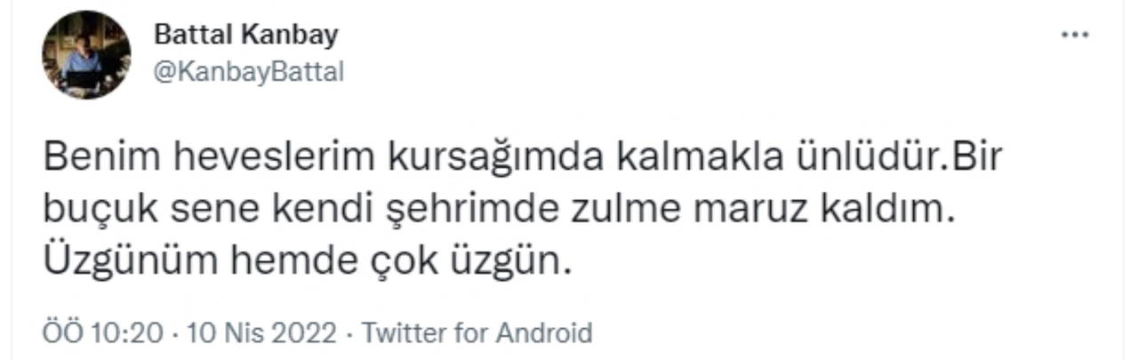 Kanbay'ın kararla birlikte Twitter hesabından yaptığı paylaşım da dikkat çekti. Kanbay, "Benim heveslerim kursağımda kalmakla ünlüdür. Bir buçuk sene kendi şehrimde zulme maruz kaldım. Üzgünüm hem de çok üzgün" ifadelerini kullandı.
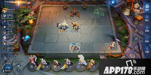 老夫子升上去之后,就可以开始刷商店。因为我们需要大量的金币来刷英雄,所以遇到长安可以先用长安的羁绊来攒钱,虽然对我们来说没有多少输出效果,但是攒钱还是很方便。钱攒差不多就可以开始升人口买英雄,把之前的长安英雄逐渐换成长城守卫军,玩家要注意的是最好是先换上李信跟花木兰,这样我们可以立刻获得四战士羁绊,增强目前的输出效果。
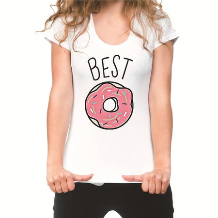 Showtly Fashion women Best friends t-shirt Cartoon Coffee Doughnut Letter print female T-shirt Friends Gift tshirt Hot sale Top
- - -
→ **About this exercise**:
Reproduce the whole listing exactly, but not the images in it.

→ **Answer for the task**:
 Kanbay'ın kararla birlikte Twitter hesabından yaptığı paylaşım da dikkat çekti. Kanbay, "Benim heveslerim kursağımda kalmakla ünlüdür. Bir buçuk sene kendi şehrimde zulme maruz kaldım. Üzgünüm hem de çok üzgün" ifadelerini kullandı.
 老夫子升上去之后,就可以开始刷商店。因为我们需要大量的金币来刷英雄,所以遇到长安可以先用长安的羁绊来攒钱,虽然对我们来说没有多少输出效果,但是攒钱还是很方便。钱攒差不多就可以开始升人口买英雄,把之前的长安英雄逐渐换成长城守卫军,玩家要注意的是最好是先换上李信跟花木兰,这样我们可以立刻获得四战士羁绊,增强目前的输出效果。
 Showtly Fashion women Best friends t-shirt Cartoon Coffee Doughnut Letter print female T-shirt Friends Gift tshirt Hot sale Top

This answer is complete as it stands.